Presenters

Source

Postgres’ Path to Multi-Threading: A Complex Journey 🚀💡👨‍💻

PostgreSQL is a powerhouse database, but its architecture presents some interesting challenges when it comes to scaling performance. This presentation segment dives deep into the ambitious goal of transforming PostgreSQL into a truly multi-threaded database, outlining the challenges, proposed solutions, and current progress. The speaker emphasizes that this isn’t a simple task, requiring significant architectural changes and community effort.

The Core Problem & Proposed Solution: From Processes to Threads 🌐🛠️

Currently, PostgreSQL’s threading model is inefficient. It utilizes a process-per-socket model, meaning each incoming connection spawns a new process. This leads to significant context switching overhead as the operating system jumps between these processes. The speaker proposes a shift to a more efficient model where one thread runs per hardware core, maximizing CPU utilization – a common approach used by systems like SQL Server, Sybase, and many HPC environments.

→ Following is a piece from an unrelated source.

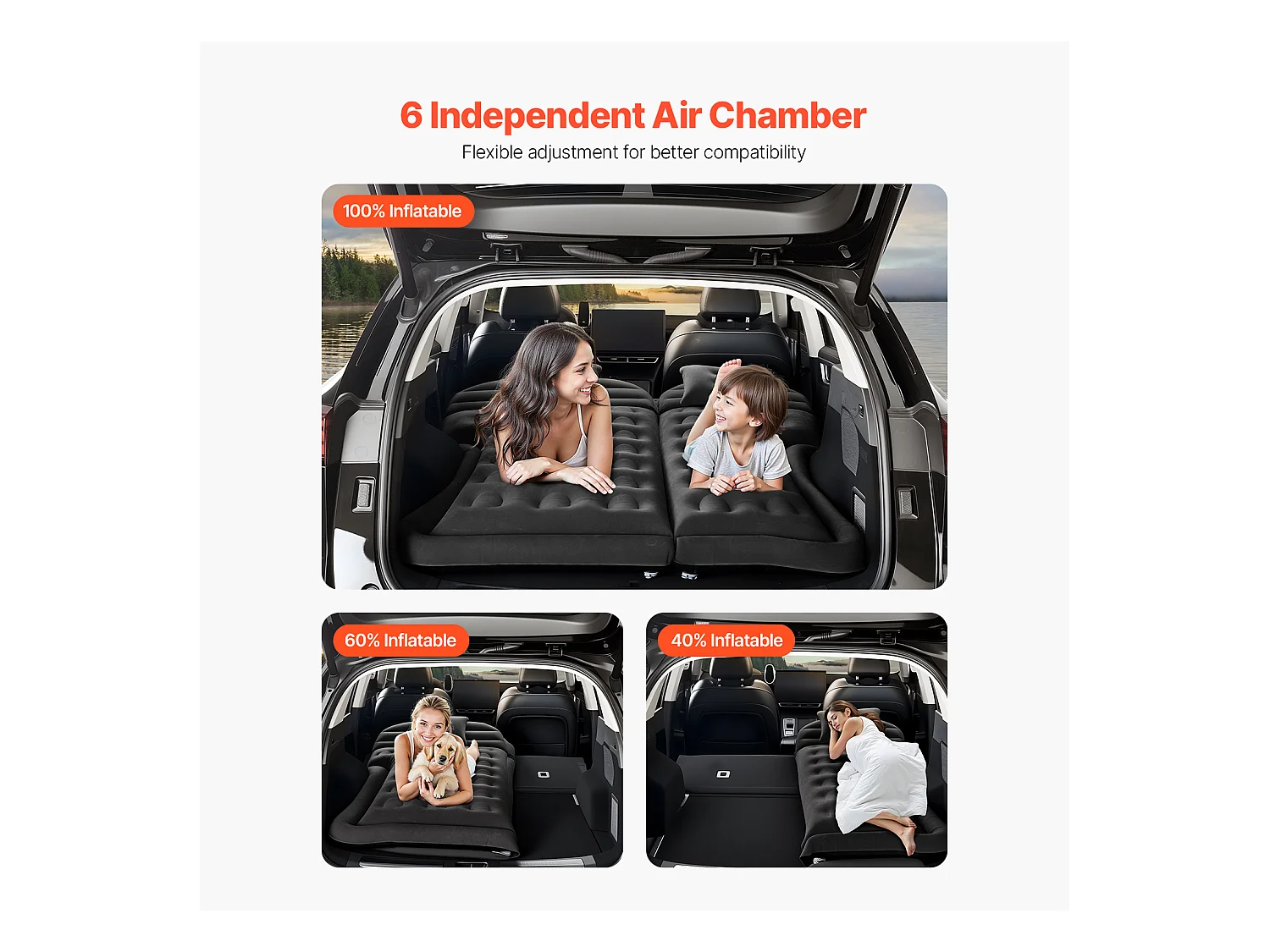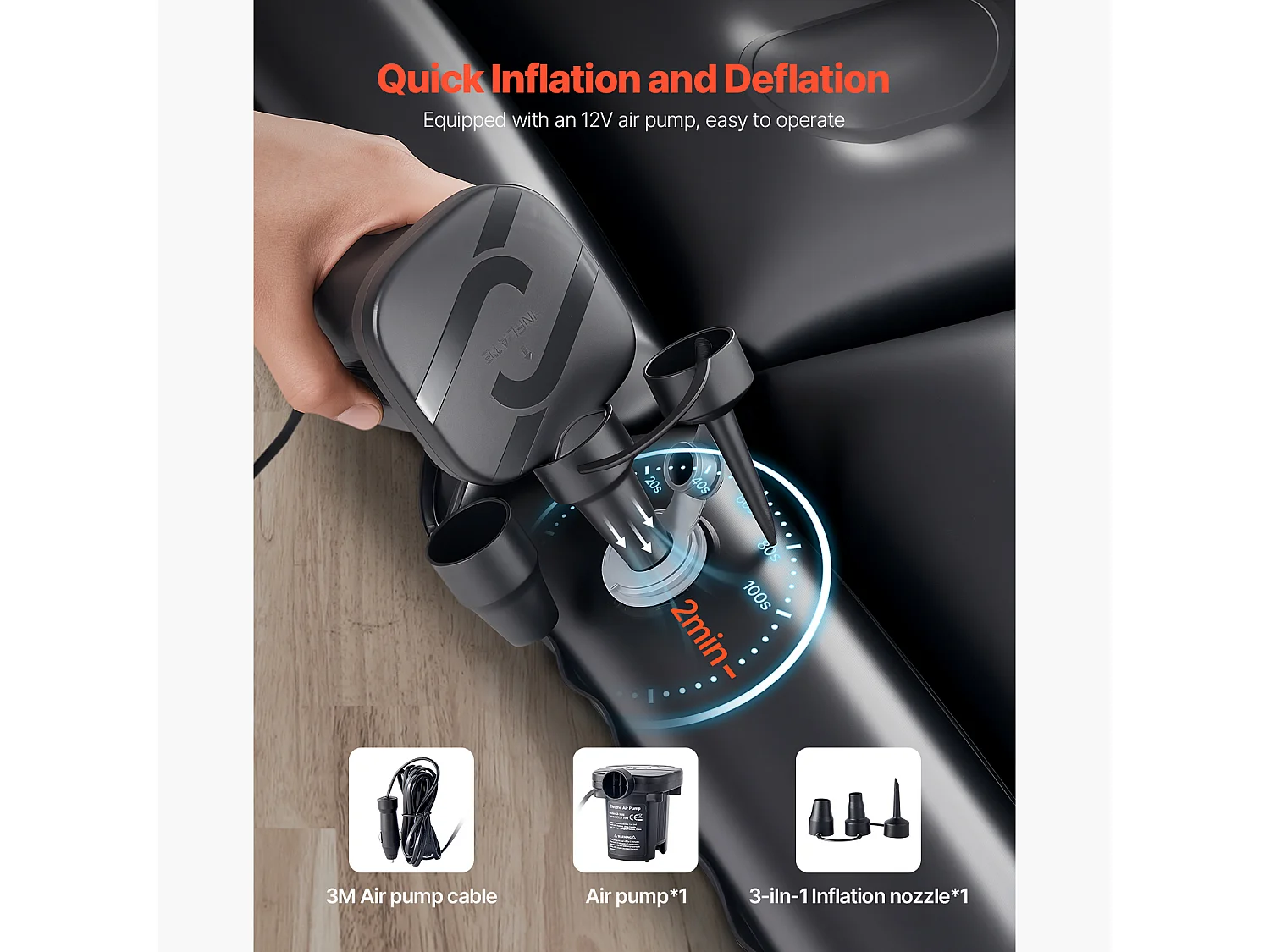 Matelas Gonflable, SucceBuy Matelas Gonflable Voiture Lit de Couchage Floqué avec Pompe à Air Noir

Challenges and Tradeoffs: A Mountain to Climb ⛰️

The path to multi-threading isn’t straightforward. Several significant hurdles stand in the way:

  • Global Variable Dependence: PostgreSQL’s current architecture is heavily reliant on global variables representing transaction and session state. This is a major obstacle, as these variables need to be converted into thread-local variables to avoid data corruption and race conditions. A brilliant approach being pioneered by Heikki (whose public branch is crucial to this effort) is to classify these variables, allowing for more informed decisions about concurrency and future optimizations.
  • Complexity & Architectural Overhaul: Achieving the ultimate goal – a system where the executor is broken into small pieces runnable on a custom scheduler – is incredibly complex and not a starting point. It requires a complete architectural re-think.
  • Signal Usage: PostgreSQL’s reliance on signals for backend communication is problematic in a multi-threaded environment. The speaker advocates for replacing signals with a latch-based (and eventually interrupt-based) system for wakeups.
  • Cache Invalidation: Duplicated cache replacement mechanisms across backends lead to memory inefficiency. Sharing this data introduces complexity and is currently deferred.
  • Memory Contexts & DSM/DSA: Simplifying these memory management aspects is desirable but complex and likely delayed until a multi-process mode is phased out.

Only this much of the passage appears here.